Anyway, I know you guys are a literate bunch, so please send something in if you have the time and inclination. Plus, TMN gets a lot hits and they’ll include a link to your site along with your entry, so this is a perfect way to simultaneously showcase your creativity and drum up traffic.
A Modest Proposal
Last week I heard a radio commercial for Fred Meyer advertising Christmas decorations. They spent most of the 30 seconds justifying their decision to unleash the yuletide juggernaught in October. “As you get older, your family gets bigger,” the announcer said. “Which means you need more time to prepare for the holidays. So, see? We’re only hawking these dancing Santas nine weeks early as a favor to you!”

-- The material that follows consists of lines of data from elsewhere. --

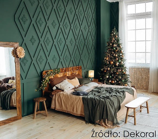 Skąpana w zieleni sypialnia to kolejny sposób, by wykreować piękną świąteczną aranżację. Dekoracyjna ściana pokryta farbą Dekoral Effect 3w1 w kolorze Ciemny Szmaragdowy stworzy wdzięczną scenerię dla żywej choinki, która wypełni dom aromatycznym zapachem lasu i wprowadzi radosną, bożonarodzeniową atmosferę. Naturalnym dopełnieniem będzie drewno i dopasowane kolorystycznie tkaniny, które złożą się na spójną, zachwycającą designem całość.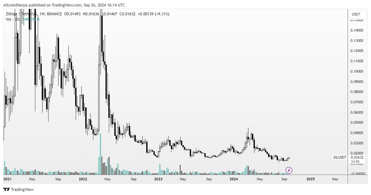 Pseudonymous analyst Altcoin Sherpa tells his 222,700 followers on the social media platform X that Zilliqa (ZIL) could proceed its breakout on the weekly chart.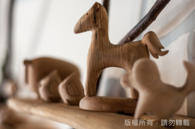 依循著木料的天然外形下刀,輪廓線看似簡單,卻精練達意,展現各自的氣質和個性。珍惜木料的每分每寸,有時完成一件作品後,看著剩下的木料,等那靈光一閃,幾刀後又是另一件作品。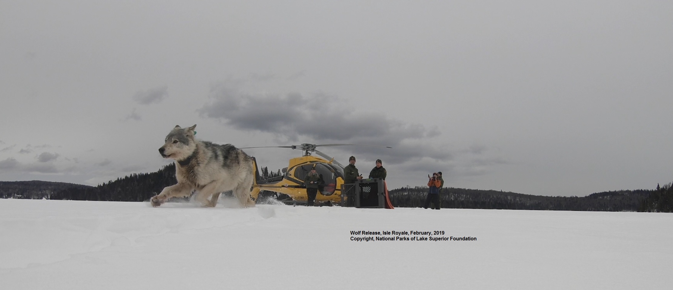 ▼2019年2月,安大略省自然林業資源局(Ontario Ministry of Natural Resources and Forestry)利用直昇機載送一匹母狼與三匹公狼,將牠們投放至皇家島。

Sure enough, I stopped by Fred Meyer this morning to grab another bag of candy (I ate all the ReeseSticks — saw-whee), and found the “Seasonal” aisle cram-packed with wrapping paper, artificial trees, and wreaths — and no candy, except for a few picked over bags of sugarfree gum and Hershey BigYuk Bars (semi-sweet chocolate with creamy asparagus filling).
American holidays have become like suburban strip malls, expanding outward to the point where they’ve merged into one continual year-long festivity. I have no doubt that the Fred Meyer guys have Peeps and Easter Basket grass all queued up, ready to put on display come November 12th.
Why don’t we just make up a new holiday: Tomorroween. Tomorroween is the holiday which, regardless of the date, falls the day after today, the one where people exchange gifts, eat candy, send cards, drink alcohol, bake pumpkin pies, set off fireworks, plant trees, put colored lights on the eves of their house, wear costumes, buy roses for their loved one, and fly the flag. Stores could just have an aisle devoted to Tomorroween merchandise, and never have to rotate their stock; the guys who make M&Ms could stop changing the color of their candy every three months (black & orange in October, red & green in December, shades of pastel in March).
And maybe, in exchange for Tomorroween, we could ask the stores to keep their mitts off our Holidays. Wouldn’t that be a treat?
Squirrelly in the Punk’in Patch

October 26th, 2006
Apparently I have been “tagged” with an “Internet” “meme.” I don’t generally do these, but the tagger, Mother Reader, was kind enough to play along with my silly little game, so I feel obliged to reciprocate.